In Table 1 we report D90, V100, V150, V200, V250, V300 for prostate and V100, D30, D10 for urethra and rectum under the different scenarios. D90 is defined as the minimum dose covering 90% of the prostate volume. V100, V150, V200, V250, V300 are defined as the percentage volume of the prostate receiving at least 100%, 150%, 200%, 250% and 300% of the prescribed minimal peripheral dose (mPD), respectively. D30 and D10 are defined as the minimum dose covering 30% and 10% of the urethra or the Rectum walls. We set mPD to 110Gy in the STD BT treatment. In parenthesis the ratio respect to the STD BT treatment.

Table 1.

D90, V100, V150, V200, V250 and V300 for prostate and V100, D30, D10 for urethra and rectum under the different scenarios. mPD is the minimum peripheral dose set at 110Gy in the STD BT treatment. In parenthesis the ratio respect to the STD BT treatment.

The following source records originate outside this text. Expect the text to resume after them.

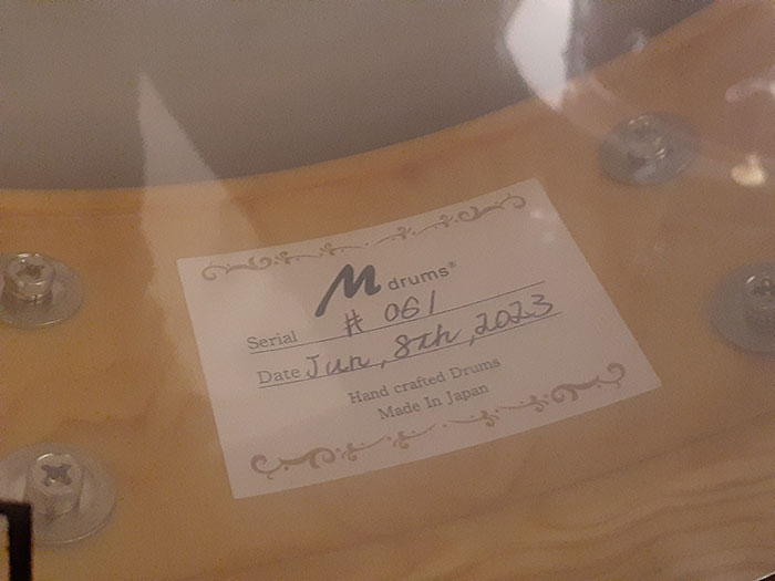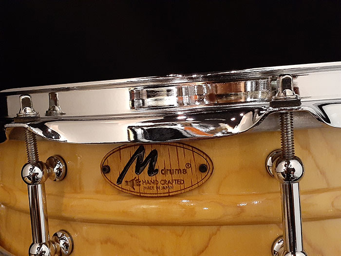 先日、Mdrumsファクトリーに直接伺いまして、工場内の数あるストックの中から特に気になりました個体の1台です。桧(ヒノキ)材の14"x4"浅胴スネアです。
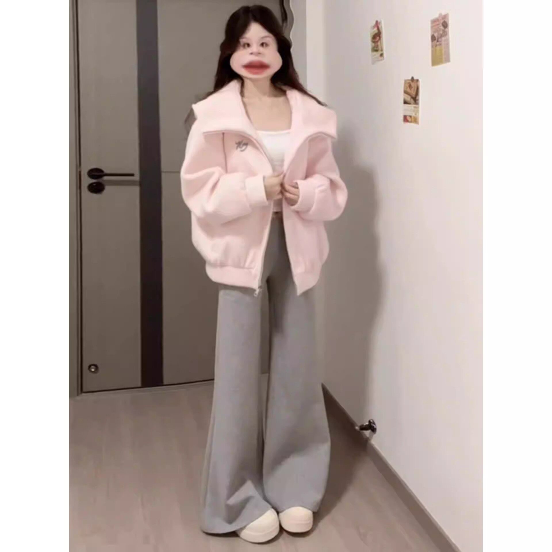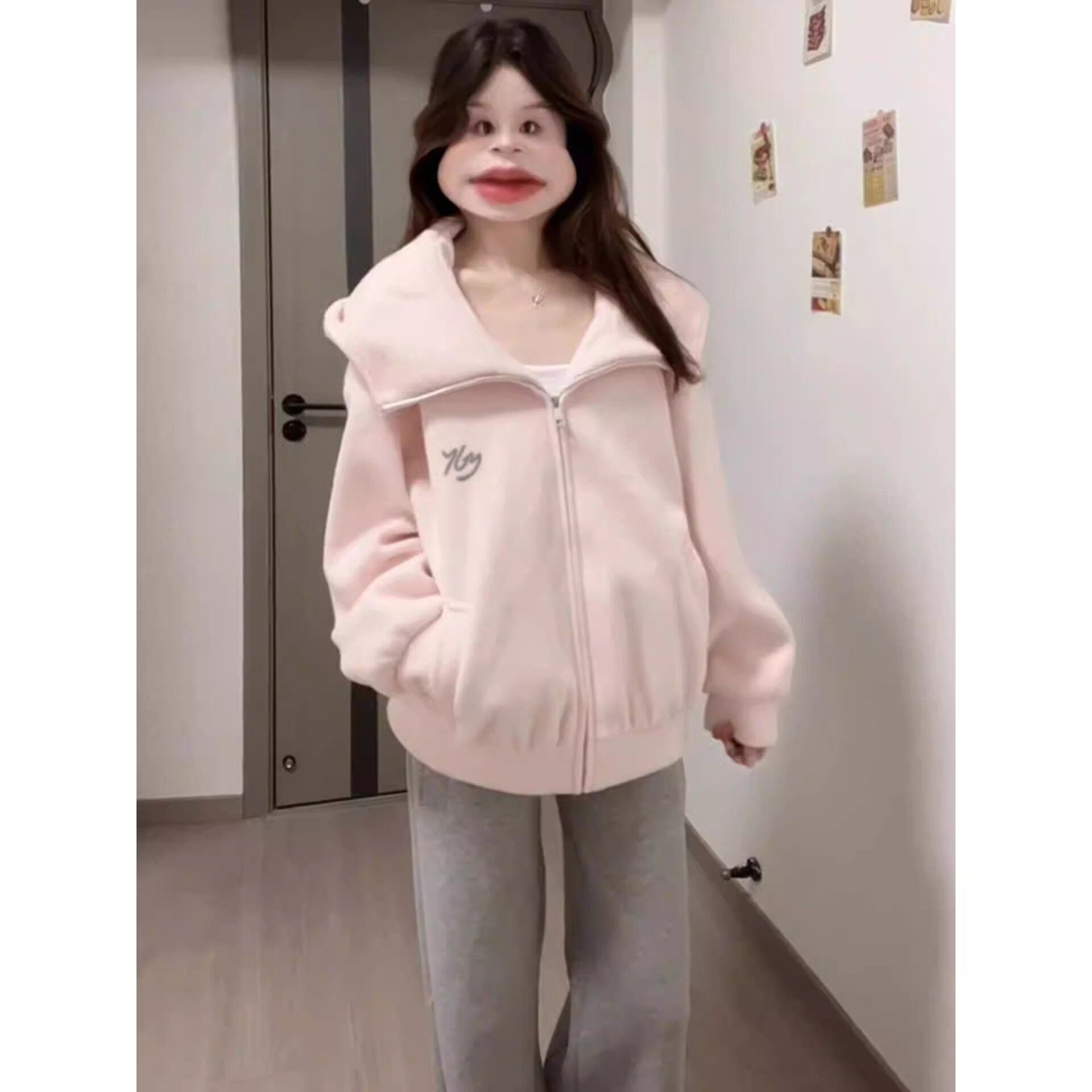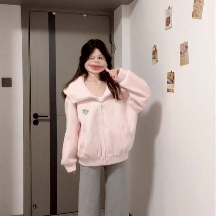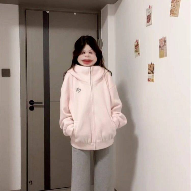欢简韵粉色连帽外套女秋季2025新款今年流行爆款绝美巨好看棒球服
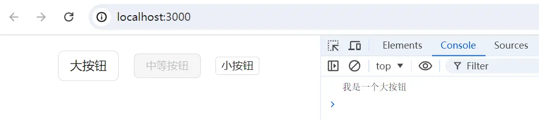 在瀏覽器中可以看到組件效果,以及點擊【大按鈕】會觸發對應的事件
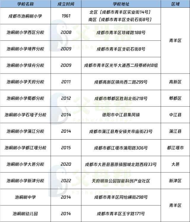 今天咱们就为大家来盘点成都“泡桐树小学教育集团”的各个学校。各位家长们转发收藏哦!
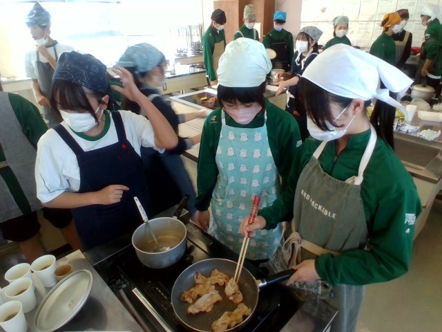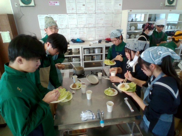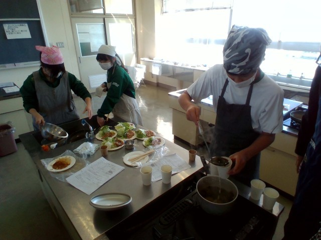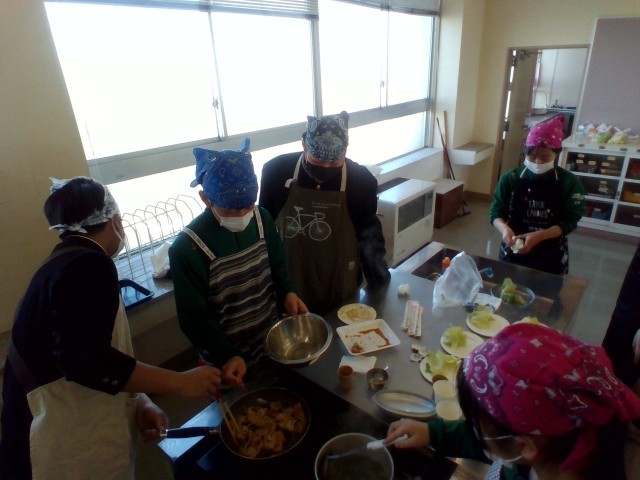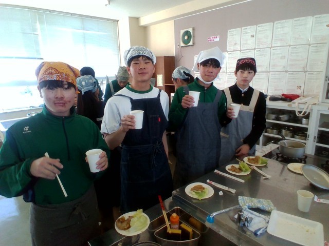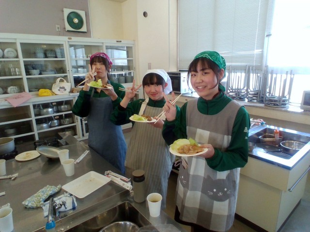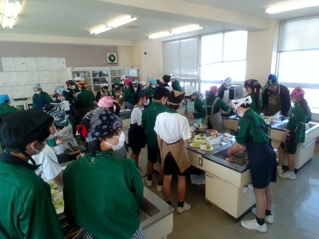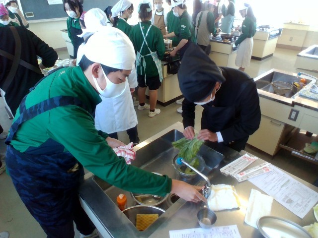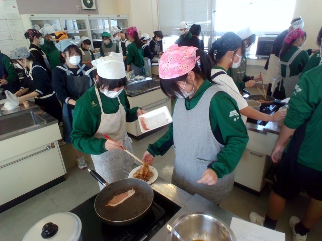 3年技術・家庭科(家庭分野)では、調理実習をしました。「豚肉の生姜焼き」「レタス」「わかめスープ」を作りました。生徒たちは、役割分担をもとにテキパキと調理していました。この機会にぜひ、家庭でも挑戦してほしいです。
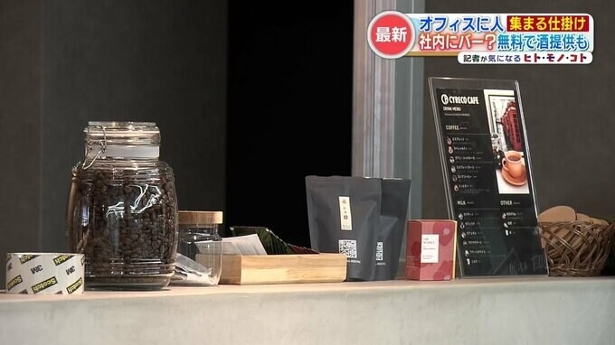 福田さん「カフェメニューがありまして、社員が無料で飲むことができます。毎週金曜日は『CYBAR』(サイバー)と言いまして、バーカウンターでお酒も無料で提供しています」
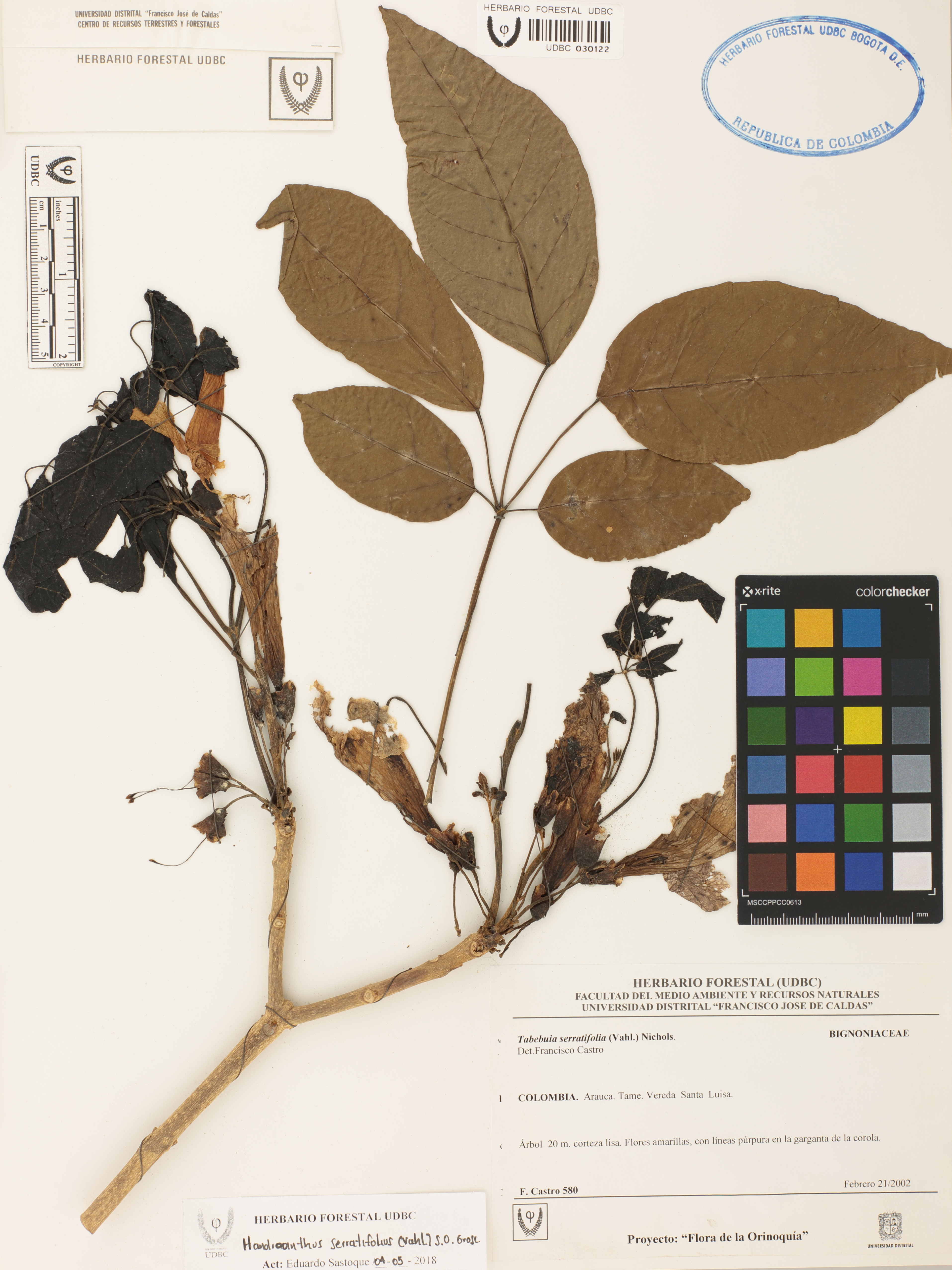 Fotografía del ejemplar Castro, F. 580, determinado como Handroanthus serratifolius en el año 2002
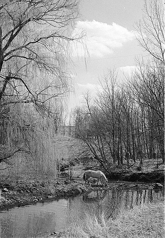 With ice gone from a small stream just south of the Schaefer Lake spillway near Hope, a white horse pauses for a drink on March 27, 1974.
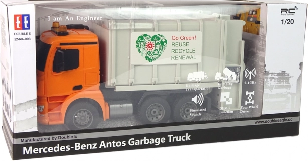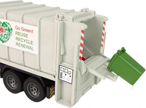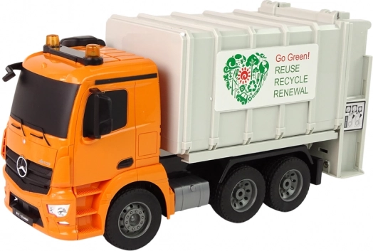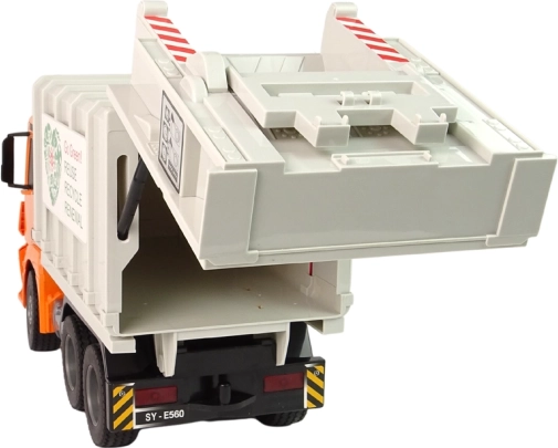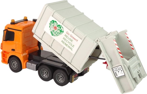 Učite djecu razvrstavanju otpada na zabavan način. Ovaj detaljno izrađen model kamiona za smeće s narančastom kabinom i bijelim kontejnerom sa zelenim reciklažnim elementima nudi glatku vožnju naprijed/natrag i skretanje zahvaljujući pouzdanom daljinskom upravljaču 2,4 GHz. Tijekom vožnje prate ga realistični svjetlosni i zvučni efekti, uključujući karakteristični signal pri vožnji unatrag.
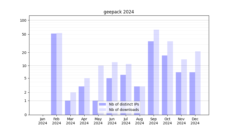 Number of downloads for experiment package geepack, year by year, from 2025 back to 2014 (years with no downloads are omitted):
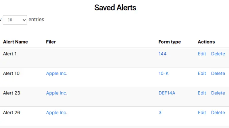 A table labeled "Saved Alerts" displays four rows with SEC filing alerts, filer names, form types, and actions. Each row lists "Edit" and "Delete" options on the far right for managing your SEC filing notifications.
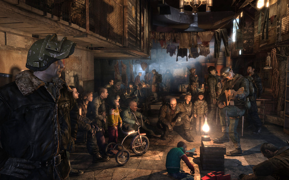 而人防工事的建设高潮则出现在60年代末70年代初,彼时我国内外形势异常复杂,“深挖洞,广积粮,不称霸”的口号下,到处都在热火朝天地开挖防空洞等设施,各个城市之间还会互相交流挖“防空洞”的经验。 这一阶段的工程目的很明确:为未来战争做准备。因此,设计和布局上与城市建设是互相独立的。同时,由于这一阶段的建设工作很多是由群众进行的,因此不管是在规划还是质量上都很难做到统一水准。 随着形势的进一步变化,经济建设成为我国的发展重心,在1978年的第三次全国人防会议上,“早打,大打,打核战争”被“全面规划、突出重点、平战结合、质量第一”的方针取而代之。新形势下,人防工程的涵盖范围进一步扩大,从单纯的工事修筑扩展到组织指挥,通信警报和教育普及等方面的全面推进。 同时,这一阶段的人防建设由国家制定规范,更加注重社会和经济效益,强调和城市的发展相协调。因此,这一阶段及以后的人防工程往往“低调地”藏身于我们每天生活的城市中。 一些地下室装有超压自动排气装置,启动后可防止外界毒气以及受沾染的空气进入工事 21世纪以来,城市中已经鲜有见到专门为战争修建的人防工事,而更多的是结合地下轨道交通,地下商场,车库等设施的建设进行一些专门的要求与设计,从而能在战时将其转变为合格的掩蔽工程。 例如,目前很多小区的地下车库,其中的车位分为“产权车位”和“人防车位”。前者即业主从开发商处购买的,拥有产权;而后者根据《人民防空法》规定,产权属于国家,只能租赁。人防车位一般是为特定目的或设备操作所预留的空间,在必要时刻可以被国家无偿征用。 以修建时间较晚的大连地铁为例,修建时间较晚的大连地铁1、2号线,其依靠人防面积,防护单元设置,防护设备种类数量,在竣工后瞬间成为了全市规模最大的人防工程,人防面积达到60万平方米。 大连地铁开通之际,人防办公室正在向地铁工作人员进行培训,注意右侧硕大的防护门和铁轨按照设计,每座车站都是一座合格的掩体:密闭设施,通风装置等特殊设备分布在日常乘客难以察觉到的地方。此外,每个站点都预留了连通接口,在必要时稍作改造,即可与站点周围的其它人防工程相连通。这些独特的设计,一经全面启动,可以满足30万人在核袭击情况下的掩蔽防护需求。 彼时,日复一日完成整座城市“社畜”通勤任务的地下铁道将瞬间承担起为国家、民族保存有生力量的光荣使命。 更有甚者,当全世界都升起蘑菇云的时候。躲进地铁中的那部分同胞将是否会如小说《地铁2033》中一样,以混杂着悲哀和骄傲的复杂神情说:“我们在这场灾难中保留了人类最后的文明”呢? 核战20年后走出地铁的幸存者与莫斯科“废土”(《地铁》系列游戏) 如此想来,希望明天,以及之后的每一天,“废土”只存在于科幻文学和游戏中。地铁也只是打工人抱怨上班的一个借口而已。 谢新星. 平战结合人防工程地下空间探讨[D].湖南大学,2013. 李群. 中国城市人防工程建设与管理研究[D].武汉理工大学,2009. 观察者网新闻报道《重庆轨道环线人防门与列车发生擦碰 致1死3伤》,2019. Anna Sorokina. What went down in the Moscow Metro during WWII? 2019. https://www.rbth.com/history/331256-moscow-metro-wwii-history John Rabon. London history: A look at the London Underground during WWII. 2015. https://londontopia.net/site-news/featured/london-history-look-london-underground-world-war-ii/

mPD=110Gy STD BT Uniform AuNP BT (case a) Non-unif AuNP BT seed in (case b) Non-unif AuNP BT seed out (case c)
 
Prostate		 D90 (Gy) 144.0 216.6 (1.5×) 120.9 (0.84×) 198.1 (1.38×)
V100 (%) 99.8 99.1 (0.99×) 92.1 (0.92×) 98.4 (0.986×)
V150 (%) 81.6 95.8 (1.17×) 83.1 (1.02×) 93.8 (1.15×)
V200 (%) 58.8 89.5 (1.52×) 72.3 (1.23×) 87.3 (1.48×)
V250 (%) 30.0 82.6 (2.8×) 60.3 (2.01×) 80.9 (2.7×)
V300 (%) 12.2 76.4 (6.3×) 51.2 (4.2×) 74.4 (6.1×)
Urethra V100 (%) 89.6 25.9 (0.29×) 0.3 (0.003×) 15.7 (0.18×)
D30 (Gy) 244.7 91.4 (0.37×) 77.6 (0.32×) 89.4 (0.37×)
D10 (Gy) 259.3 150.3 (0.58×) 97.6 (0.38×) 118.5 (0.46×)
Rectum V100 (%) 4.5 0 0 0
D30 (Gy) 56.8 19.5 (0.34×) 16.3 (0.29×) 20.7 (0.36×)
D10 (Gy) 74.3 31.2 (0.42×) 25.8 (0.35×) 30.4 (0.41×)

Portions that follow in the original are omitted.